[[ Recorded information open ]]

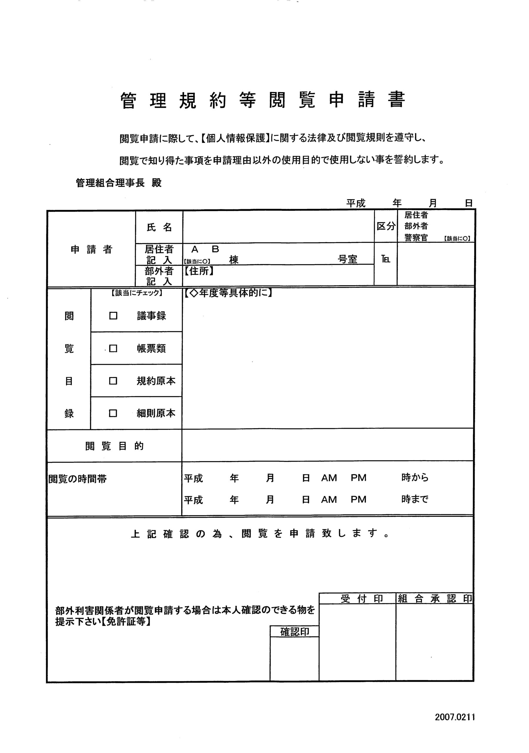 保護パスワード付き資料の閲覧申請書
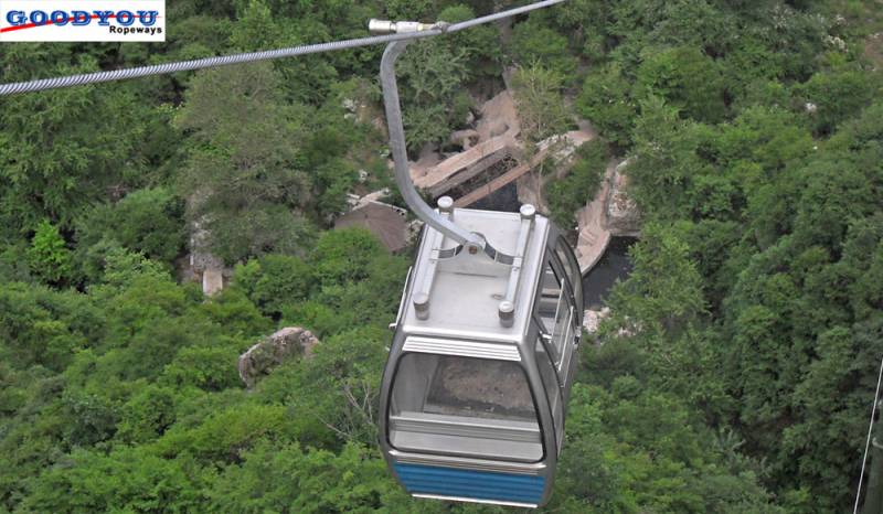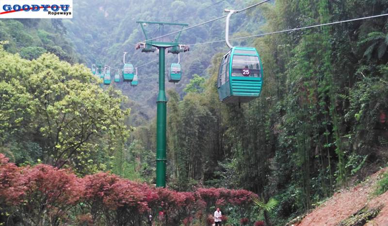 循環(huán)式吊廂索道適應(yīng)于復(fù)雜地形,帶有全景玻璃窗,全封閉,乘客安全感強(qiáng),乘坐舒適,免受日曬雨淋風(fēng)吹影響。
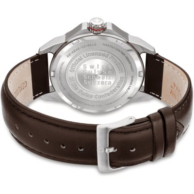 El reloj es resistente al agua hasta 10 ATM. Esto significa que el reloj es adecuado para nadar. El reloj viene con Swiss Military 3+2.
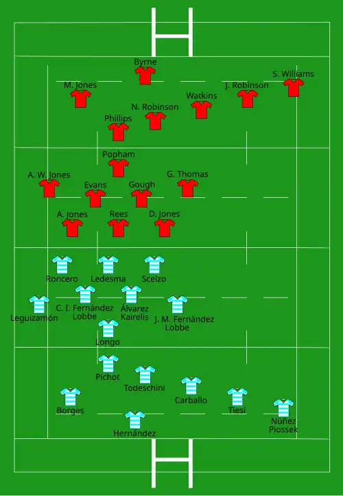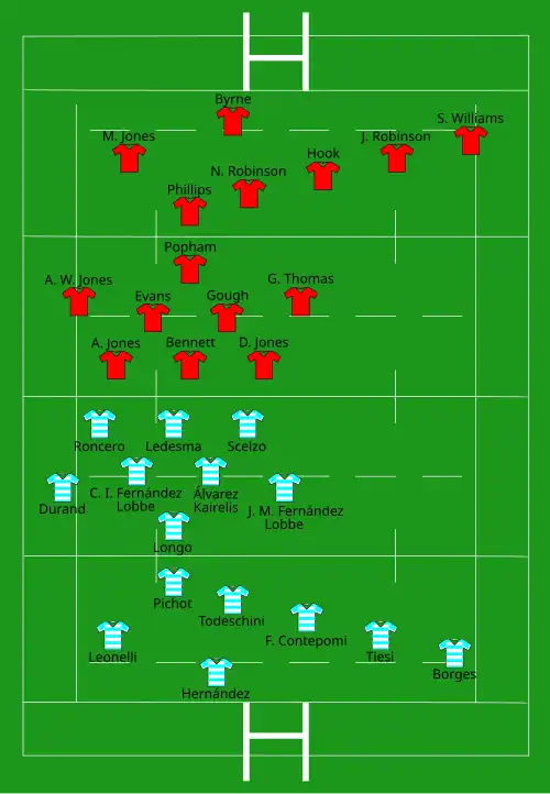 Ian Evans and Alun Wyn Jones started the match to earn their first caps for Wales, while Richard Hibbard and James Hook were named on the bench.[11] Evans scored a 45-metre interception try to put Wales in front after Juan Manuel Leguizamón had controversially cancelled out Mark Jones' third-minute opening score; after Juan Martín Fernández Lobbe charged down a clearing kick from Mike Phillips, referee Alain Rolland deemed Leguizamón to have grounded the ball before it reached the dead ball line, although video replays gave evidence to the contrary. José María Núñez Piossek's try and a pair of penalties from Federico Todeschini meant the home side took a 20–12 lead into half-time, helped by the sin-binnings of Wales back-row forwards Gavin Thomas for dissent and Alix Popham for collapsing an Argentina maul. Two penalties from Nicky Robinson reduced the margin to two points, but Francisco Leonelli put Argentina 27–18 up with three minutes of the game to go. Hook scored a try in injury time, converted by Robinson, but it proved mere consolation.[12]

[[ Recorded information closed ]]
[[ Recorded information open ]]

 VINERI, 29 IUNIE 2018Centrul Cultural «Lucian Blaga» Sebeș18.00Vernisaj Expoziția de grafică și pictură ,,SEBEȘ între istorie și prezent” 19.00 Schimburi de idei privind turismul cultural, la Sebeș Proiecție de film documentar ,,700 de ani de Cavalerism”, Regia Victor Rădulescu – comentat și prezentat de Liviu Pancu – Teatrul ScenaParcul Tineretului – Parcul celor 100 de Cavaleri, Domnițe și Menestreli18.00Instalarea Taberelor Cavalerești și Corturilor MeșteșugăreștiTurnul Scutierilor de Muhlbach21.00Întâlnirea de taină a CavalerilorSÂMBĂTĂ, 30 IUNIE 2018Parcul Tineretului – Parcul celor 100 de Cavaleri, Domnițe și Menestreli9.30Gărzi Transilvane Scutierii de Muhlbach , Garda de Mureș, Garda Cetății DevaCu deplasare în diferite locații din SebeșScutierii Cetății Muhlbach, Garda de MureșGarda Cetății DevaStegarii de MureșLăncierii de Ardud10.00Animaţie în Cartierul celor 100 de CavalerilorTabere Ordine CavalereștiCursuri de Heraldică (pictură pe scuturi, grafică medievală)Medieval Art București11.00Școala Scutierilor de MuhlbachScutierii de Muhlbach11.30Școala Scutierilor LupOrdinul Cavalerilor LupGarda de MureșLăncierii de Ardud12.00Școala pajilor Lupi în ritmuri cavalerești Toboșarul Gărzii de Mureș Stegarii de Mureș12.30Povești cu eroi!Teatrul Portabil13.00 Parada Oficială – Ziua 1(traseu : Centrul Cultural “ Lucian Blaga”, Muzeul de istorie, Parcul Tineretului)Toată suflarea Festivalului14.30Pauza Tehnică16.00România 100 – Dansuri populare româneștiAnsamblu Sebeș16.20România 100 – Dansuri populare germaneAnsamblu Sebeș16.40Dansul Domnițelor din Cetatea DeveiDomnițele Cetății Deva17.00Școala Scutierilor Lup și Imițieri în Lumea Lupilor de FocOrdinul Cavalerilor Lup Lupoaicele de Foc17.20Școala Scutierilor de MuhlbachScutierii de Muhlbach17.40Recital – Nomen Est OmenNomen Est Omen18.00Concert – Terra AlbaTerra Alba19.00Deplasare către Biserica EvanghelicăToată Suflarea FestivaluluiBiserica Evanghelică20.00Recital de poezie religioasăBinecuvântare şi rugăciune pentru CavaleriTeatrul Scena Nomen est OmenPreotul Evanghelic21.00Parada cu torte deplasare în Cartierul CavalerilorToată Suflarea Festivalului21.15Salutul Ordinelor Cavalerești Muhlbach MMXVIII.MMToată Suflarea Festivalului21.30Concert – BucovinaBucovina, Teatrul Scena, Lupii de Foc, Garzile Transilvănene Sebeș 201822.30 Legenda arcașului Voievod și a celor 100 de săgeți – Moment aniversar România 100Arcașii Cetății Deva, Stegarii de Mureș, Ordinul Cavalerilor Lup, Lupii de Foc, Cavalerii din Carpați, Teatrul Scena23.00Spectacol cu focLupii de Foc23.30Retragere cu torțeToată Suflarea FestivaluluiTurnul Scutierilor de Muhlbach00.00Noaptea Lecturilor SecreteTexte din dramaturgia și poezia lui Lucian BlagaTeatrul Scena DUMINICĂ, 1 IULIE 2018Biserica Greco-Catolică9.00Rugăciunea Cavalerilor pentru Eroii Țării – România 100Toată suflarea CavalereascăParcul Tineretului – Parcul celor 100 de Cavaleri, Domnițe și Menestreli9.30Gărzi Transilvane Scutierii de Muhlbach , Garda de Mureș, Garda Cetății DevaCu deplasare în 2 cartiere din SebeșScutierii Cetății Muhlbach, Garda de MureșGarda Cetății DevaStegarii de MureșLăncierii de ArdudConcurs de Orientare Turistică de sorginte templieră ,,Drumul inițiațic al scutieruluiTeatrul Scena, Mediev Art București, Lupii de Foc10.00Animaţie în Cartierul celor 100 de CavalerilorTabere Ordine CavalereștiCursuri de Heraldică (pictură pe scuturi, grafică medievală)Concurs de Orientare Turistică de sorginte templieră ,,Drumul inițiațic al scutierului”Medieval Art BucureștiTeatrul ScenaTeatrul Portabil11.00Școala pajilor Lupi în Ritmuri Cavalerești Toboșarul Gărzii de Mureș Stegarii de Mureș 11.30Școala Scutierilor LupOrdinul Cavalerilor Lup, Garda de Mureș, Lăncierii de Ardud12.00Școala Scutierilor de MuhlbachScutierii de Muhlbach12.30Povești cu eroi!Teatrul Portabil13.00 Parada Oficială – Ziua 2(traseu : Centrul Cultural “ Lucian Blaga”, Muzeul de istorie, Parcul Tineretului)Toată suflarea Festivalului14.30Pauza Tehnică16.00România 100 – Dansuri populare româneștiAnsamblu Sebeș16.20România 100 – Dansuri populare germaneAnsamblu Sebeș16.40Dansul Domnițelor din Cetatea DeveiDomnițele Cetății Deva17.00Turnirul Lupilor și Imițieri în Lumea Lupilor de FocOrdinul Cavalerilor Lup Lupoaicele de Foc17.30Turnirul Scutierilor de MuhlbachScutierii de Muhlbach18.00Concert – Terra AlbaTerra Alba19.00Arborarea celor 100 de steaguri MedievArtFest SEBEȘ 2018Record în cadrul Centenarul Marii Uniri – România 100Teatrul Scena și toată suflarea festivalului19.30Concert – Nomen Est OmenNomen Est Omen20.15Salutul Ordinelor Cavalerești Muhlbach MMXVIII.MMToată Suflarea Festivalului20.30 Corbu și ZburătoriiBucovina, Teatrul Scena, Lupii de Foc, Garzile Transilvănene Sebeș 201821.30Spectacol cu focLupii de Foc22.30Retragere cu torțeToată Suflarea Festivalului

[[ Recorded information closed ]]
[[ Recorded information open ]]

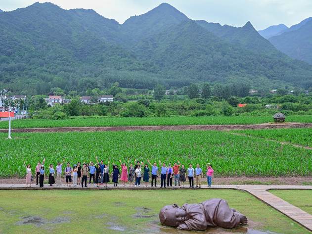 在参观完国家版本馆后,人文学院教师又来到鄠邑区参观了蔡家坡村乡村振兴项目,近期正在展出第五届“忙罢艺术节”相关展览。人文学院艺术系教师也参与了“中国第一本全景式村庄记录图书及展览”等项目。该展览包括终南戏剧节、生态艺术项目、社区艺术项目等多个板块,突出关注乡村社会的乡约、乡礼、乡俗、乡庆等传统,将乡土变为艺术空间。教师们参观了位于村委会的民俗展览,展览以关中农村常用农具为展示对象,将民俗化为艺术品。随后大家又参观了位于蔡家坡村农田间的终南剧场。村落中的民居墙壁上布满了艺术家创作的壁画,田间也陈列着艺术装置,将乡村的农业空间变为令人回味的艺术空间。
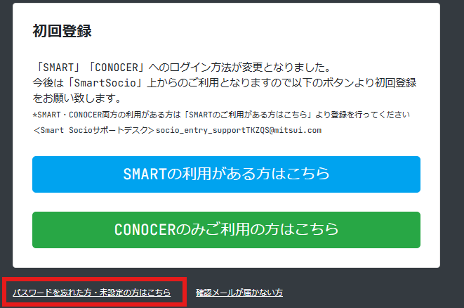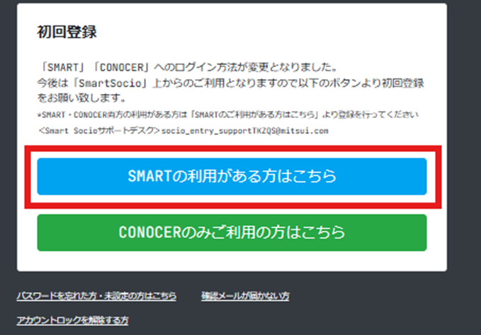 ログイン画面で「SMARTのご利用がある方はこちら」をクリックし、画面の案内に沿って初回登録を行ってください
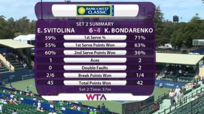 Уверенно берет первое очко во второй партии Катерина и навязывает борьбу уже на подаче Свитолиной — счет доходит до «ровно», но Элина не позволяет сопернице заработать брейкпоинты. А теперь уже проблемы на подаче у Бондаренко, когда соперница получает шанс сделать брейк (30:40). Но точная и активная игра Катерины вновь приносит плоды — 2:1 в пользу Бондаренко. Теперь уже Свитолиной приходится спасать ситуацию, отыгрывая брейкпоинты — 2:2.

[[ Recorded information closed ]]

Please copy out from the data above, without any picture, exactly the lines running from the one that holds "保護パスワード付き資料の閲覧申請書" through the one that holds "Ian Evans and", and nothing beyond them.

 保護パスワード付き資料の閲覧申請書
 循環(huán)式吊廂索道適應(yīng)于復(fù)雜地形,帶有全景玻璃窗,全封閉,乘客安全感強(qiáng),乘坐舒適,免受日曬雨淋風(fēng)吹影響。
 El reloj es resistente al agua hasta 10 ATM. Esto significa que el reloj es adecuado para nadar. El reloj viene con Swiss Military 3+2.
 Ian Evans and Alun Wyn Jones started the match to earn their first caps for Wales, while Richard Hibbard and James Hook were named on the bench.[11] Evans scored a 45-metre interception try to put Wales in front after Juan Manuel Leguizamón had controversially cancelled out Mark Jones' third-minute opening score; after Juan Martín Fernández Lobbe charged down a clearing kick from Mike Phillips, referee Alain Rolland deemed Leguizamón to have grounded the ball before it reached the dead ball line, although video replays gave evidence to the contrary. José María Núñez Piossek's try and a pair of penalties from Federico Todeschini meant the home side took a 20–12 lead into half-time, helped by the sin-binnings of Wales back-row forwards Gavin Thomas for dissent and Alix Popham for collapsing an Argentina maul. Two penalties from Nicky Robinson reduced the margin to two points, but Francisco Leonelli put Argentina 27–18 up with three minutes of the game to go. Hook scored a try in injury time, converted by Robinson, but it proved mere consolation.[12]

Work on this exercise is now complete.